The fund lost 4.8 per cent (around £100million) on 14 January 2009, and in February 2009, Standard Life paid £102.7million into the fund to restore the value of investors' holdings to the position they would have been in prior to the fall in unit price.

The firm has also contacted existing customers identified as having received poorer quality marketing material, to determine whether they require further compensation. A report by an independent third party was also commissioned by Standard Life into the systems and controls.

"The FSA takes the issue of misleading financial promotions very seriously and the fine announced today demonstrates our commitment to the principle of credible deterrence," commented Margaret Cole, FSA director of enforcement and financial crime. "It is critical that consumers are given an accurate understanding of the nature of investment products and the risks involved. Without this information, consumers are unable to make informed decisions about whether investments are suitable for their individual investment strategy."

Standard Life, which fully cooperated with FSA and settled at an early stage of the investigation, qualified for a 30 per cent penalty reduction, which could have been £3.5million.

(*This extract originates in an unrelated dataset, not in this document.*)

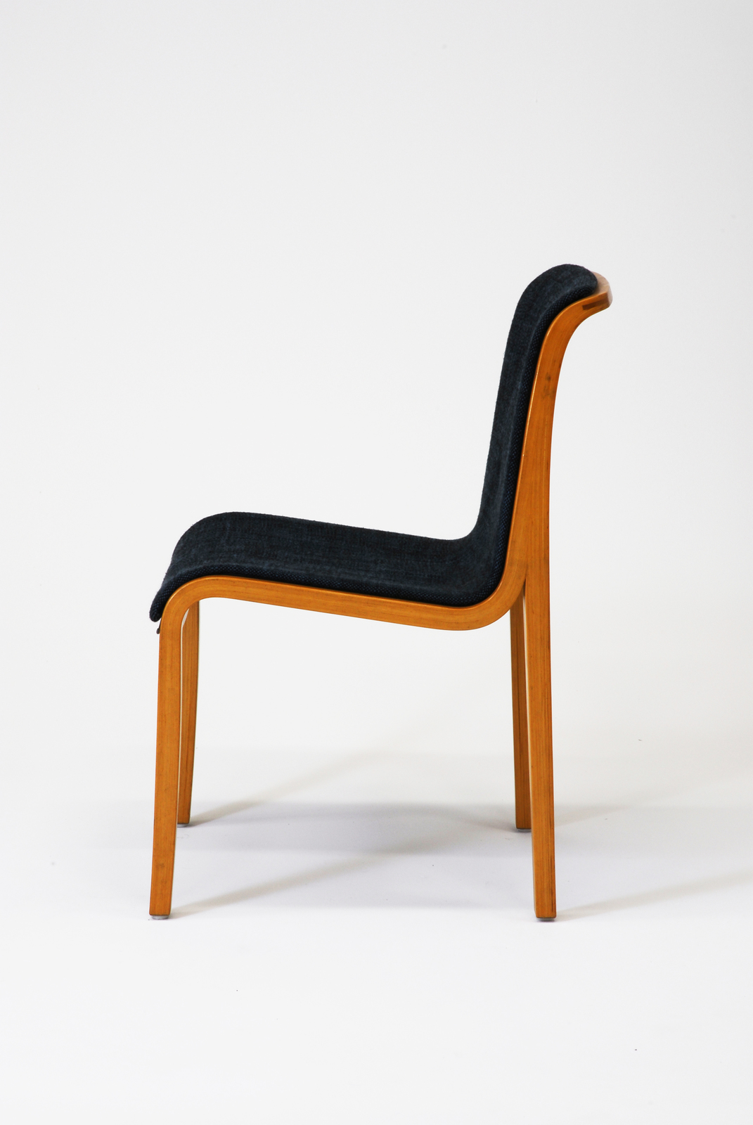 成形合板によって側面のフレームが構成されていて 背は前脚からつながる部分と後脚からつながる部分が合流するようなかたちで接合されている。脚は場所によって厚さの異なる不等厚の成形合板でくつくられている。そのため貫がなくても強い構造になっていて、しかも脚元がすっきりしたデザインとなっている。 |

Standard Life said it had learned important lessons from its mistake and has improved its marketing literature processes to avoid this occurring again. "When our own internal review identified problems with some of our literature in February last year, we immediately apologised to customers and injected over £100million into the fund to compensate them for their losses from the sudden fall in unit price. Since then, we have conducted a full and thorough review of existing literature and put in place a new improved process for new literature. We have worked closely with the FSA throughout and co-operated fully with their investigation."

Mathew Rutter, financial services partner at law firm Beachcroft LLP, said the case was a perfect example of the FSA's reaction to claims that it has been too soft in the past on the firms it regulates.

"The fine emphasises the need for firms to make sure that they explain their products and services very clearly and accurately to customers. However, an added issue here was that concerns which were raised both internally and by customers were not properly addressed. Even when the literature was changed, existing customers who might have been misled were not told," said Rutter.